What, perhaps, is really happening is self-fulfilling prophecy aligning
in the dimensions of consciousness. What you expect and intend is what
you get. The direction you move in the “happiness” dimension determines
how your life unfolds. It’s not what you think about that determines
what happens to you, it’s your attitude toward whatever happens.
Another expression for this dynamic is “Follow your bliss,” for if you
move in alignment with what brings you happiness and fulfillment,
that’s what you’ll get. It isn’t wanting success or prosperity that
makes it happen—the Buddha’s Second Noble Truth is that wanting is the
cause of suffering—it’s living a meaningful and blissful life. If
you’re happy with things the way they are, resonating with the vibes
that move through your life with grace and understanding, you’ll get
happier and doors will open for you without your having to want to
“attract” anything to yourself. As above, there’s no attraction,
there’s alignment.
The way to find your bliss is to go within—in spontaneous reverie,
disciplined meditation, erotic yoga—and just be in the present, letting
go of past and future, of judgment and wanting, with no resistance,
seeing that being alive is being in heaven now. “The Kingdom of Heaven
is spread across the face of the earth,” said Jesus, “and men do not
see it.” So see it!
An even better way to say this, perhaps, would be “Expand into your
bliss,” for the motion of the universe to which we must all align is
expansion. With positive intention and expanding good feelings,
pleasure is expanding into your bliss.
The Next Step in Evolution
These ideas about dimensionality and the forces in
“spacetimeconsciousness” will no doubt someday prove to be just as
inaccurate and primitive as we now think of the medieval alchemists’

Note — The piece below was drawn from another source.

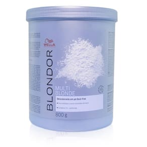 Wella Professionals Blondor Multi Blonde Powder garante até 7 níveis de clareamento. Com a tecnologia Anti-Yellow, contém eficientes moléculas que evitam o tom amarelado e geram resultados mais limpos de louro. Blondor é referência mundial em clareamento de cabelos. Os descolorantes Blondor atingem até 7 níveis de clareamento e se destacam pela sua incrível flexibilidade, por meio de aplicações de múltiplos propósitos e diferentes proporções de mistura.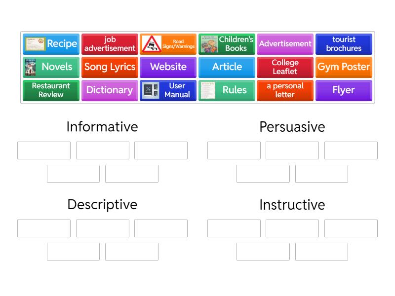 Informative: Article, Website, College Leaflet, Dictionary, job advertisement, Persuasive: Advertisement, Gym Poster, Restaurant Review, Flyer, tourist brochures, Descriptive: Novels, Song Lyrics, Children's Books, a personal letter, Instructive: Recipe, User Manual, Rules, Road Signs/Warnings,

ideas about the nature of metals. They still function for us now as
models for thinking about the dynamics of consciousness. And that’s the
deep issue here. All we ever have is models. The way to understand the
myths of religion is as models of such dynamics. This is our “new
myth,” that consciousness is ever revealing itself to itself and, in so
doing, is expanding and developing greater powers and abilities.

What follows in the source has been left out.